Deploy Joomla CMS on Oracle Linux with MySQL Database Service

You can deploy Joomla on Oracle Linux with MySQL Database Service to provide users and enterprises with a scalable and robust architecture, low implementation and maintenance efforts, and access to a large community-led knowledge base.

Joomla, based on the LAMP stack, is one of the most popular content management systems available. Released under the GNU Public License, it is free and open-source, and does not require advanced technical skills to set up and use.

Architecture

You can deploy Joomla in a single-node configuration or as part of a multi-node, highly-available configuration. This reference architecture includes Terraform automation which is compatible with both configurations.

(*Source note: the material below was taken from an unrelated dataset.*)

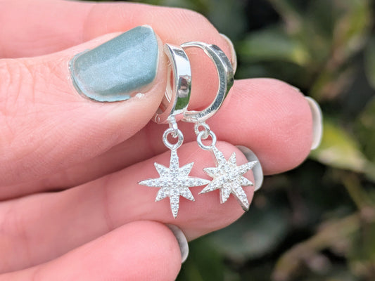 North star huggie hoop earrings.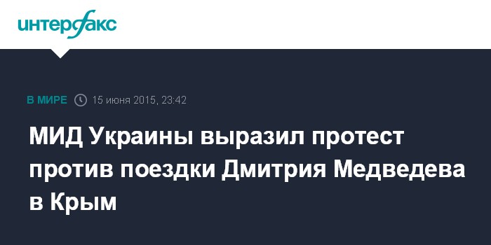 Москва. 15 июня. INTERFAX.RU - Министерство иностранных дел Украины выразило протест в связи с пребыванием в Крыму премьер-министра РФ Дмитрия Медведев, сообщает в понедельник пресс-центр МИД Украины.

For a production-grade, highly-available architecture, refer to the following diagram, which illustrates a multi-node scenario.

Description of joomla-mds-multi.png follows
Description of the illustration joomla-mds-multi.png

joomla-mds-multi-oracle.zip

The preceding diagram illustrates a simplified high-availability application environment on OCI, with a focus on two virtual machine instances behind a load balancer. These instances exist in two distinct fault domains within an availability domain. This architecture makes use of the OCI File Storage service; Joomla is installed in a shared Network File System (NFS). The file system exists in a dedicated private subnet featuring a Network Security Group (NSG) which allows access to the mount target from all instances.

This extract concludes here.